Мои надежды не оправдались, я снова ничего не узнал, а на второй контакт Самохин может и не пойти. Увы. Но я буду надеяться — так лучше. Надежда — штука такая: всегда даёт призрачный шанс, что безнадежное дело возьмёт и выгорит. Внезапно. Это вечно русское «авось» приятно греет сердце.
Алабай уходит. Я собираюсь. Покидаю офис, оставив кучу распоряжений. Слава богу, когда в мою жизнь вошла Катюшка, я научился делегировать полномочия, о чём ни разу не пожалел.
Больница находится не в центре. Обычная, но приличной её можно назвать с очень большой натяжкой. Давно некрашеный фасад, разбитые ступеньки, вытертые сотнями ног. Но клумбы ухожены, цветут розы и ещё какие-то цветы-кустики. Сквозь плитку пробивается трава, которую всё же пытались удалить. Справедливости ради я всё это замечаю.
— Я подожду тебя на лавочке? — спрашиваю Иву по телефону. Она… как-то странно звучит её голос, но я потом её расспрошу. Может, её знакомая умирает?
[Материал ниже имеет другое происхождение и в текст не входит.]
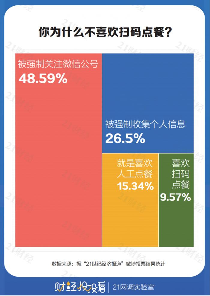 调查显示,有48.59%的网友表示,非常反感被强制关注小程序或商家微信公号;其次约26.5%的网友认为,商家没有必要也没有权利收集与点餐无关的个人信息。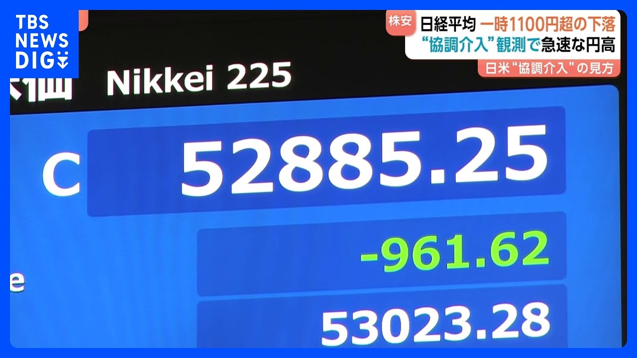 【速報】日経平均 961円安の5万2885円で取引終了 円高進行で株価押し下げ 日米協調介入への警戒感から|TBS NEWS DIG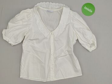 Bluzka damska BM, rozmiar M. - Kolor: kremowy/ecru - Krótki rękaw - Dekolt okrągły - Przód z ozdobnym panelem w roślinnym, beżowym wzorze - Listwa z guzikami dekoracyjnymi na środku - Delikatnie e...

И я, наверное, могу чем-то помочь. Об этом я тоже спрошу, когда она спустится вниз.
— Я скоро, — отвечает она с заминкой, и я усаживаюсь напротив роз. Пялюсь на них, пытаясь ни о чём не думать, но сердце грохочет, ожидая встречи. Нашей первой встречи после ночи любви.
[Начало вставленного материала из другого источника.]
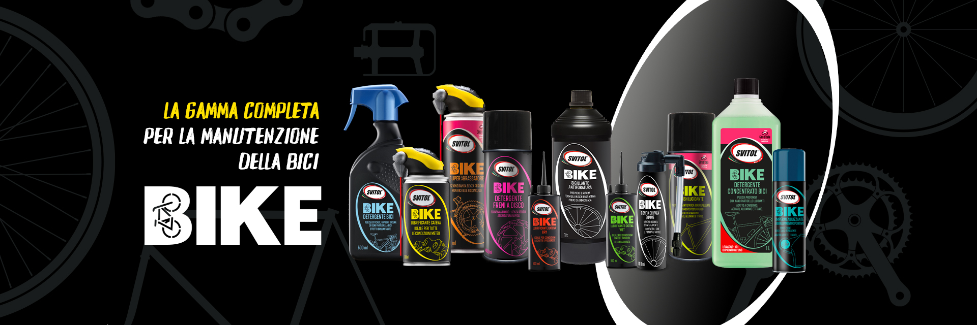 Svitol BIKE, la gamma completa per la manutenzione della bici. Detergente, super-sgrassatore e lubrificante catena per una manutenzione a 360°.

Ива появляется на пороге. Немного бледная, но всё та же. Я жадно вглядываюсь в её лицо. В висках грохочет пульс. Нет, ничего не изменилось в моём отношении к ней. Ничего не сдвинулось в другую сторону. Она всё так же желанна и прекрасна. Я хочу прикоснуться к ней. Прижаться губами к изящной скуле или шее. Переплестись с нею пальцами. Я много чего хочу.
Страсть. Опаляющая, туманящая разум. Жажда обладать — ничего нового. Я… не насытился ею. Поэтому хочу пережить всё заново, понимая, что это случится не сегодня. После вчерашнего ей нужно время. Я это понимаю.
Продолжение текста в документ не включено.